The main strengths of our study reside in the large number of consecutive high-risk patients enrolled, the availability of a long follow-up and evaluation of CA125 at baseline in almost all of the patients; from the pathological point of view, we stress the presence in our hospital of dedicated gyneco-pathologists handling the grossing and reporting of RRS specimens and the availability of endometrial and peritoneal washing results.

The main limitation of our study is the presence of non-genetically tested patients in the control group, even if we selected patients without personal or familial oncologic history with a very low supposed risk of being carriers of susceptibility gene variants. Another limitation is the relatively small sample size of the non-BRCA gene carrier population; this is, however, comparable with other published series and justified by the lack of specific guidelines for the management of these genetic variants.

5. Conclusions

In our study of RRS, never OC use, later-than-recommended age at RRS and physiological menopause correlate positively with neoplastic lesions in the BRCA population.

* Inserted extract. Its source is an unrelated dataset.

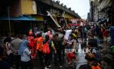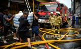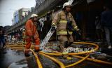 REPUBLIKA.CO.ID, JAKARTA -- Pedagang menyelamatkan barang dagangan saat proses pendinginan di Pasar Pagi Asemka, Jakarta, Jumat (18/11/2022). Kebakaran terjadi sekitar pukul 11.30 WIB yang menghanguskan kurang lebih 20 ruko yang di duga akibat korsleting listrik. Sebanyak 14 unit pemadam kebakaran dikerahkan untuk pemadaman.

At histology, STIC and occult tubo-ovarian carcinoma diagnoses are more frequently associated with BRCA1/2 mutations, while no definitive conclusion can be drawn regarding the real risk for women with low-to-moderate penetrance non-BRCA gene variants. The ever-growing implementation of NGS techniques in clinical practice, and the lack of a viable alternative to surgery, make the need for unequivocal guidelines for non-BRCA mutation carriers all the more urgent. Our results underline the fact that data about TP53-associated lesions in this population is missing, and we advocate the importance of large case-control studies to reach the statistical significance needed to guide the clinical decision-making process for these patients.